NLP Assignment 2 Report
The algorithm used here is the LSTM based Neural Network, which is a state-of-the-art approach for Language Modelling tasks nowadays. The corpus given consisted of ~50,000 sentences, which were earlier split in the ratio 7:2:1, and thus
train.txt consists of 35,000 sentences,
valid.txt consists of 10,000 sentences and
test.txt consists of 5,000 sentences.
The model was trained for various epochs, but due to some issues with Google Colab, not all of them could be stored. Further, at the time of calculating perplexity of the sentences, loading all the sentences was causing the Notebook to crash, and so in the perplexity files, only the first 30,000 tokens have been considered to avoid the crashing. NOTE that all the sentences in
train.txt were used to
Handling Unknown Words: Unknown words were handled by using the <unk> tag for all the words in training set whose count was lesser than or equal to 3. Then, while calculating perplexity of testing/validation datasets, an out of vocabulary word was mapped to the lemma as well. For handling sentence boundaries, <sent> tag was used.
LM1-LM4 are differnt LSTM-based LMs created during different epochs.
As we can see, the perplexities of Train, Test and Validate are of similar order. On the other hand, in case of statistical models with Kneyser-Ney and Witten Bell Smoothing, the perplexities were really low for training data, but high for testing data.

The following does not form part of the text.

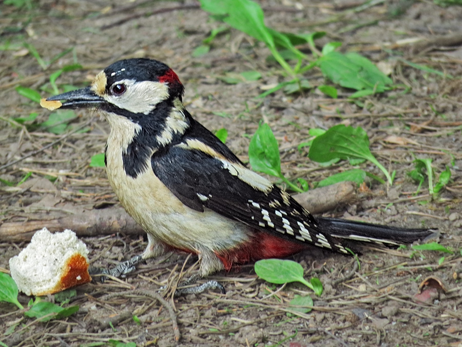 В те ненастные дни, не раз я замечал на кормушках большого пёстрого дятла (Dendrocopos major): схватив увесистую горбушку

Kneser-Ney Training Perplexity: 3.4081123363458143
Kneser-Ney Validation Perplexity: 16778.791735467417
Kneser-Ney Testing Perplexity: 26457.949957689852
Witten Bell Training Perplexity: 2.468052151268716
Witten Bell Validation Perplexity: 293.50395706835184
Witten Bell Testing Perplexity: 462.81717604751435
Thus, as we can see, Neural Models are learning on Semantic data(by relating similar words with similar vectors), rather than just the counts of words occuring after one, which is the case in Siatistical Models. Thus, Neural Models give comparable performance for training, testing and validation data, as they are not learning which words occur after which, but rather correlate it with the vector representation through embeddings. Thus, we can even see worse performance of Training perplexities in Neural LMs as compared to Validation and Training, as it is not learning just on the counts from the training data.
We can also see that statistical models might also perform really good when there are few/no "unseen" n-grams and the unknown n-grams are handled well. It appears that Witten Bell works really good, but that might have been an error on my part on penalizing it lesser in unknown words and unknown contexts, as Kneyser-Ney seems to be a better estimate of what we would expect from a statistical model. As we can see in Kneyser-Ney, the perplexities on Brown Corpus are really small(single digit) for training,as it KNOWS for the training data what word will most likely occur based on its counts.However, it gives ~16k and ~26k errors for Training and Validation, since it has learnt on counts and not on embeddings.Even in Witten Bell, the perplexities are small for testing and validation data,but still there is a huge difference in training errors and testing/validation errors.
Thus, the basic difference between statistical and neural networks is that Statistical work really well on training data, but perform poorly on testing/validation sets. Neural models, on the other hand, give similar performance across all types of data.